The results from wavelet analysis show there are a few periodic fluctuations (including 2–8, 11, 22 and 60 years) with intermittent time in precipitation series in Huashan mountain area of China. Cross wavelet analysis indicates complicated association between Huashan precipitation and solar variations. Remarkable association is found between precipitation and solar activity on 11-year time scales, with exceeding the 5% statistical significance level in about 1800 and the period of time since 1860.

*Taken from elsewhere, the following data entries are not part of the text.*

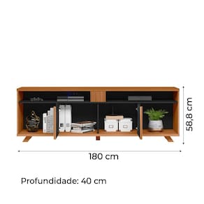 MARCA : Notável COR : Freijó Preto ALTURA: 58,8 cm LARGURA: 180 cm PROFUNDIDADE : 40 cm PESO: 39,74 kg MATERIAL DA ESTRUTURA :MDP/MDF ESPESSURA DO MATERIAL DA ESTRUTURA: 15 e 25 mm TIPO DE PINTURA : UV ACABAMENTO: Brilho TIPO DE PORTA: Articulada NÚMERO DE PORTAS: 2 MATERIAL DO PUXADOR: MDF DOBRADIÇA: Slow Motion MATERIAL DOS PÉS: Madeira Maciça NÚMERO DE PÉS: 5 ALTURA DO PÉ : 6,5 cm NÚMERO DE PRATELEIRAS: 1 PESO MÁXIMO SUPORTADO PELAS PRATELEIRAS: 15 kg IDEAL PARA TVDE ATÉ : 70 Polegadas PESO MÁXIMO SUPORTADO :55 kg
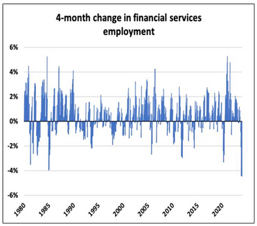 3) Третья проблема, вызывающая беспокойство, связана с лидирующей отраслью финансовых услуг, которая, по своей сути, опирается на внутреннюю экономику. Мы видим, что численность персонала в секторе сокращается уже четыре месяца подряд и в целом на 4,4%.
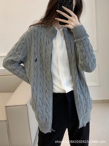 原厂高品质Ralph@拉夫25ss拉链纯色小马刺绣麻花立领针织毛衣外套
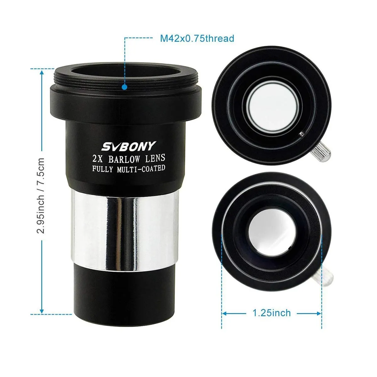 2Xバローレンズ 1.25インチ 天体望遠鏡アクセサリー 望遠鏡接眼レンズ用

According to studies of Shen et al. (2008), a centennial oscillation linkage was found in solar activity and summer precipitation variations in the eastern China during the last millennium. The precipitation variations of Longxi area, northeast margin of Tibetan plateau since AD 960 were analyzed. It showed that solar activity may be the main driving force of precipitation variations of Longxi on multi-decadal to centennial scales in the last millennium (Tan et al. 2007). As one of meteorological parameters in lower atmosphere, precipitation process in some region was influenced by solar variations through complex mechanisms including feedbacks reactions (Rozelot and Lefebvre 2002). In this work, Huashan locating in a mountainous area of North-Central China has peculiarly topographical characteristics. During vapor among air forming precipitation, there are some factors (such as wind, temperature, atmospheric pressure and landform) impacting precipitation variations. Solar irradiance variations resulting from many internal physical means inside the Sun, on all wavelengths (and so, not the total solar irradiance), cause global climatic changes likely through various processes in the upper troposphere-lower stratosphere region (Kodera and Kuroda 2002; Lefebvre et al. 2010). Many mechanisms can be involved, absorption and atmospheric circulation changes, modulation of the internal mode of variation in the polar night jets, changes in the Brewer–Dobson circulation, etc. Such physical links which need to be explored are today the only possible way to explain why the impact of solar activity on our climate, which is global, may influence only a regional geographical part. Huashan mountain is in transition zone between temperate monsoon climate and subtropical monsoon and monsoon humid climate, the precipitation in Huashan would be influenced from temperate monsoon climate, and tropical monsoon and monsoon humid climate is also more or less an impact on the precipitation. Meanwhile Huashan is a part as the eastern Qinling Mountains of China, its precipitation also has the characteristics of mountain precipitation. In the study of this issue, it is necessary to combine with regional characteristics when investigating precipitation in some area.